Fort de ces chiffres, Manuel Valls dit comprendre ceux qui "soulignent l'inefficacité de nos pratiques actuelles de probation autant que l'inadéquation des modes de traitement de la délinquance". Bref, il y a un souci, et les chiffres parlent d'eux-mêmes.

>> Christiane Taubira dégaine son fact-checking

"Exploitation biaisée". Dans sa lettre de réponse, la ministre de la Justice refuse ce profil de prévenus qui seraient majoritairement des "multiréitérants", envers qui la réponse carcérale serait "systématiquement ferme". Elle dézingue donc, non pas l'étude, mais son utilisation par Manuel Valls.

Car si étude il y a, et si ses résultats ont bien été publiés dans le numéro de juin du bulletin statistique de l'Observatoire intitulé "Grand angle", elle est très circonstanciée. Manuel Valls omet en effet de préciser que ces personnes se sont retrouvées dans cette étude uniquement parce qu'elles avaient plus de cinq infractions à leur actif en deux ans. Ce qui n'a pas grand chose à voir avec un échantillon de prévenus lambda.

Et Christiane Taubira de préciser que, du fait du territoire étudié (celui de la préfecture de police de Paris), une grande partie de ces délinquants sont des mineurs étrangers et même des jeunes filles étrangères, prouvant ainsi que l'étude brandie par son collègue n'est pas représentative et n'a "pas de valeur statistique"  :

Sur les 1.508 mis en cause, 53% sont mineurs, et 30% de ces mineurs sont étrangers, dont la moitié de nationalité "roumaine ou d'un pays d'Europe balkanique". Sur cet échantillon, il y a aussi 120 filles mineures originaires des Balkans.
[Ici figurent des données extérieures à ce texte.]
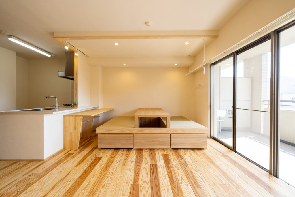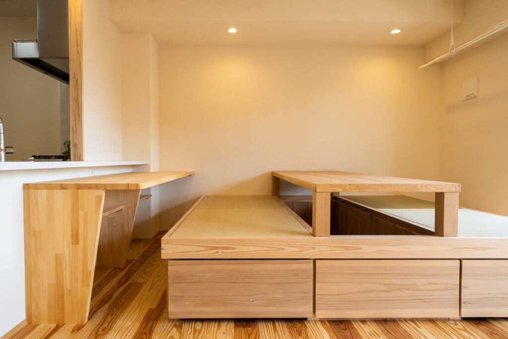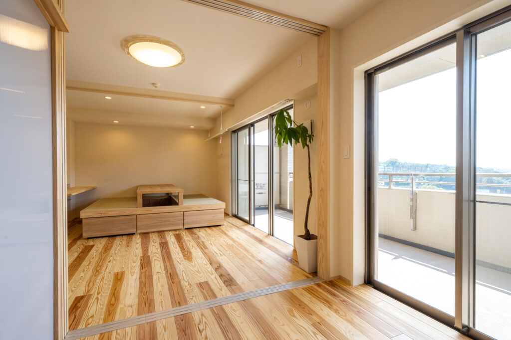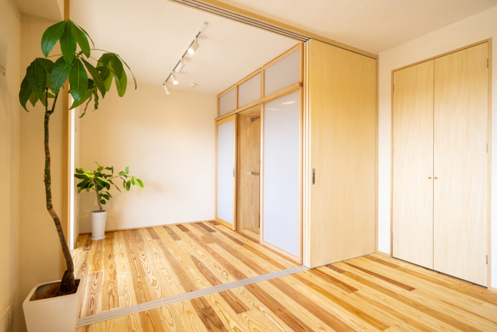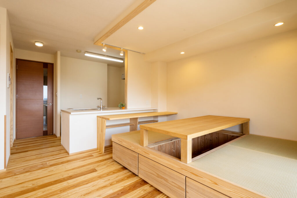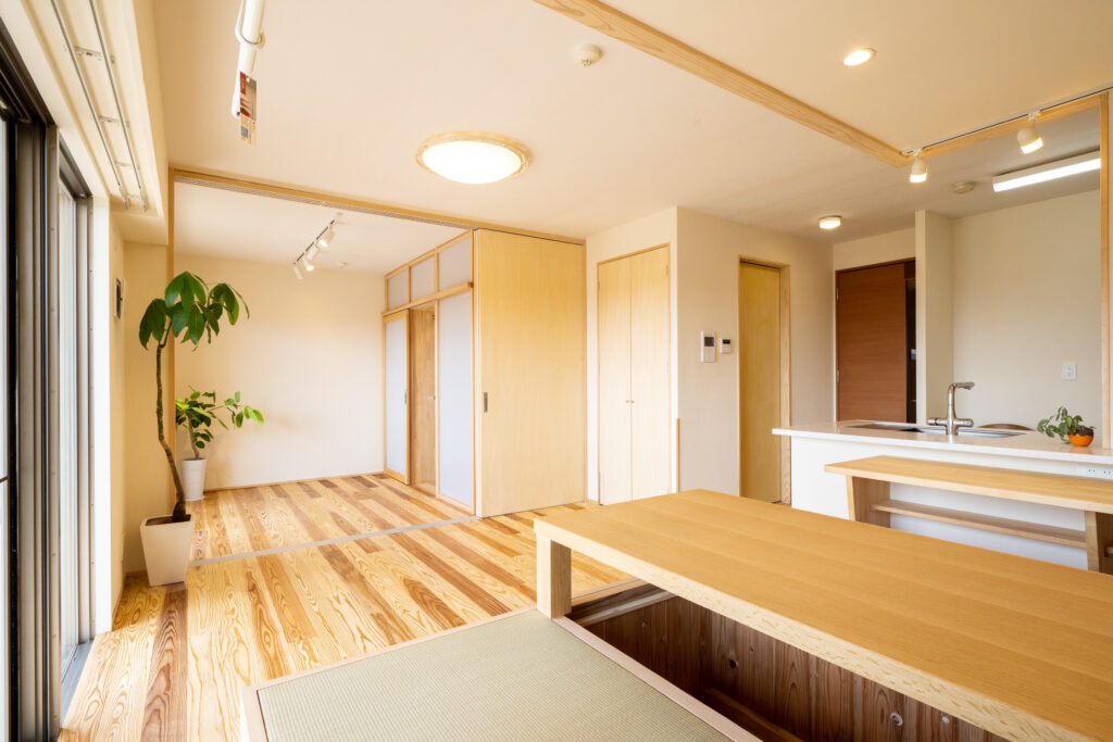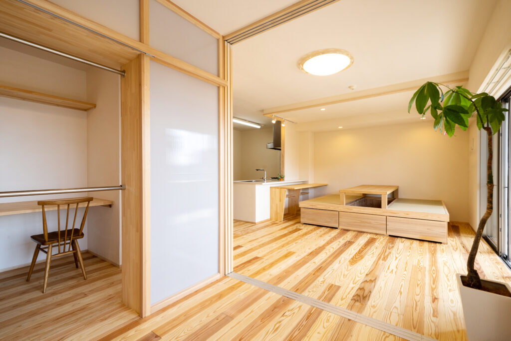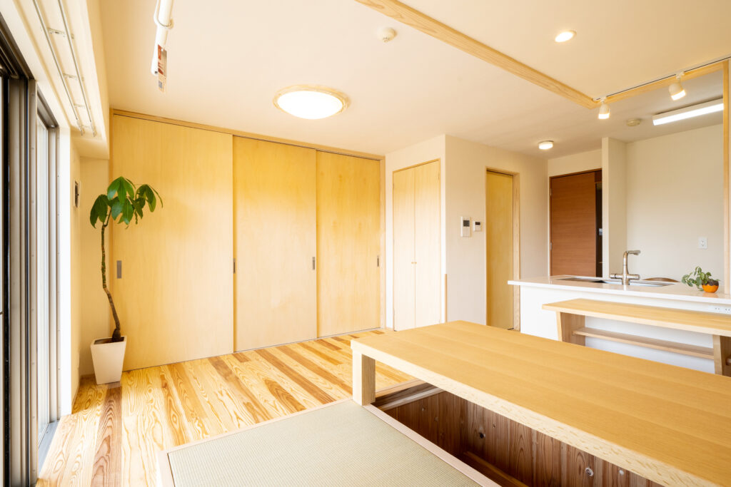 千早駅南07_グレーが和リビングと庭と家族を繋げる家

>> Que dit l'auteur de l'étude ?

Une même analyse, deux utilisations différentes. Qu'en déduire ? Dans l'introduction de l'étude, Stéfan Lollivier, président de l'Observatoire, donne un sérieux indice : "On doit insister sur les limites d'interprétation des données exploitées".

S'il se félicite de cette avancée dans l'étude du "profil des personnes mises en cause", basée sur les antécédents des personnes interpellées et non uniquement sur les décisions judiciaires, il met en garde dès l'introduction :

Ces données sont inédites, puisqu’elles permettent de déterminer pour toutes les personnes de l’échantillon le type et le nombre d’infractions pour lesquelles elles ont été mises en cause.
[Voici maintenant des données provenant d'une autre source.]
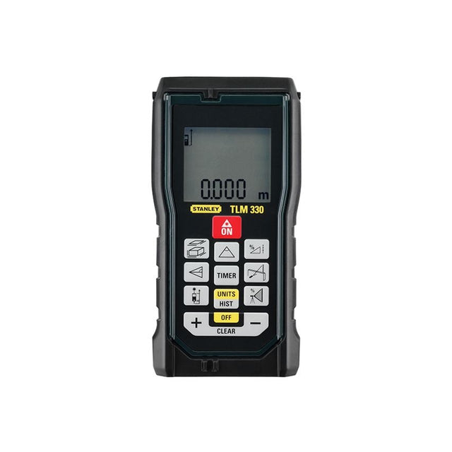 The STANLEY TLM 330 True Laser Measure allows for rapid and precise one person operation over long distances with easy to take measurements in busy or out-of-reach areas. It can measure length, area and volume up to 100m. Also has a Pythagoras function for remote measurement of high walls, Min./Max. tracking and trapezoid measurement for accurate layout. The back lit, 3 line display provides visibility in all working conditions and will store the last 20 measurements taken for reference. It also features a handy addition/subtraction calculator and a timer function with one person operation for greater productivity. The level ensures measurements are extremely accurate and it has a fitting for a camera tripod. Specification Accuracy & plusmn1mm Operating Range 0.5-100m Power 2 x AAA batteries (supplied) Operating Temperature -10-50C
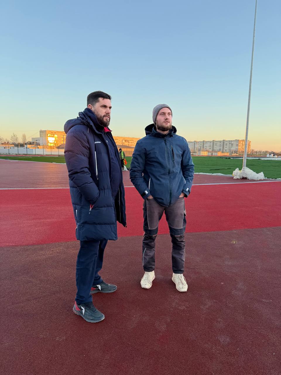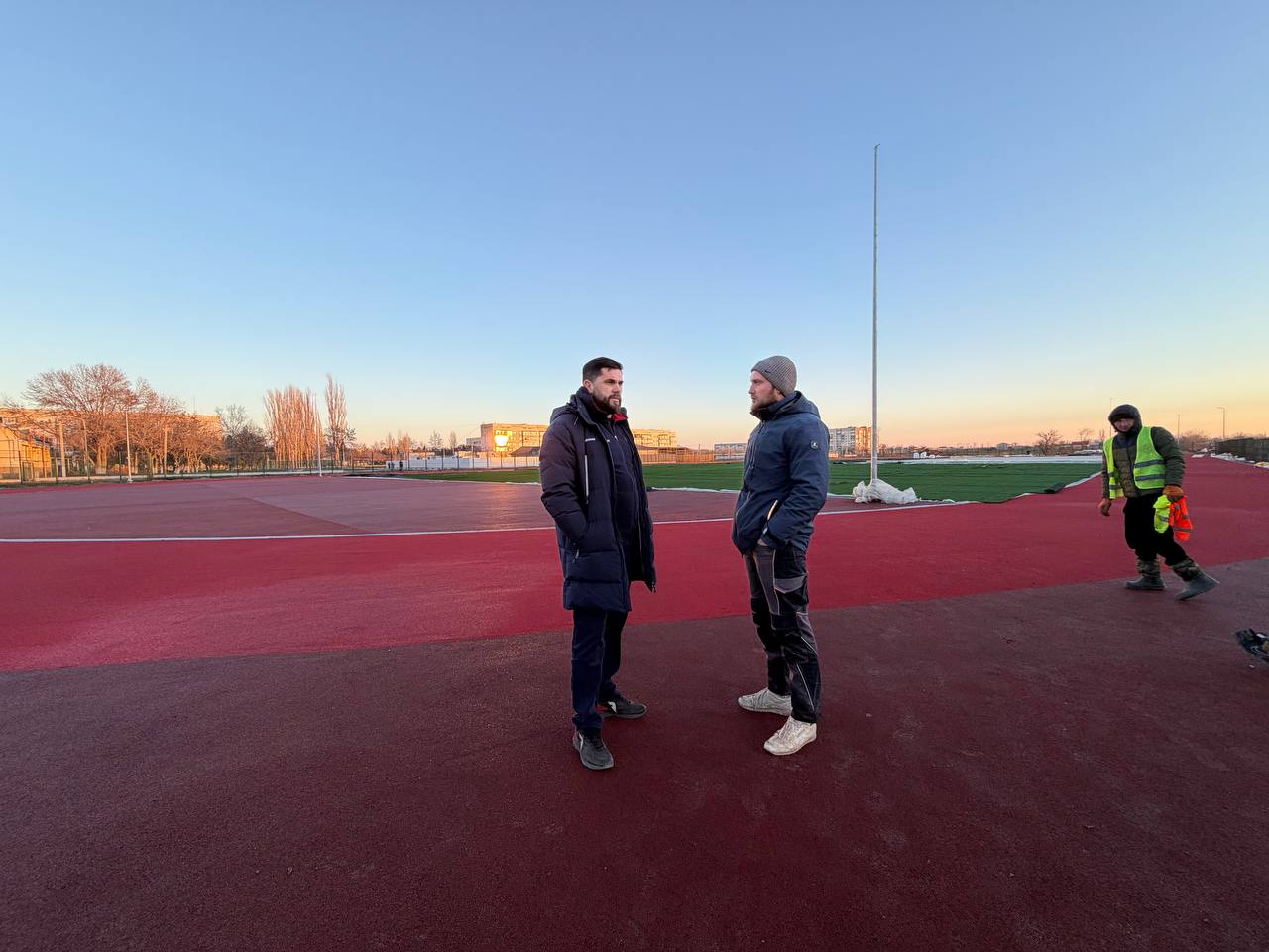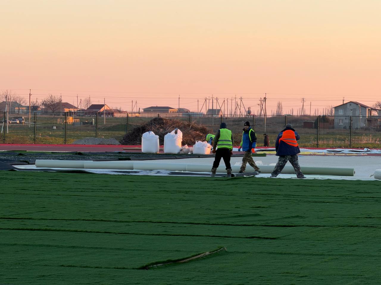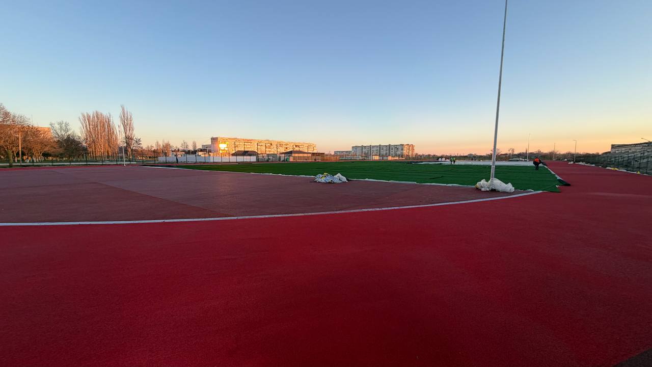 Установлено по периметру ограждение, опоры для наружного освещения, уложено резиновое покрытие, на котором будут размечены беговые дорожки.

Leur champ n’en est pas moins restreint dans le temps, dans l’espace mais surtout par rapport à l’ensemble des personnes mises en cause en raison du seuil de cinq infractions qui a été appliqué.

Un léger détail apparemment zappé par Manuel Valls dans sa missive à François Hollande. Et dont Christiane Taubira n'a pas hésité à tirer profit.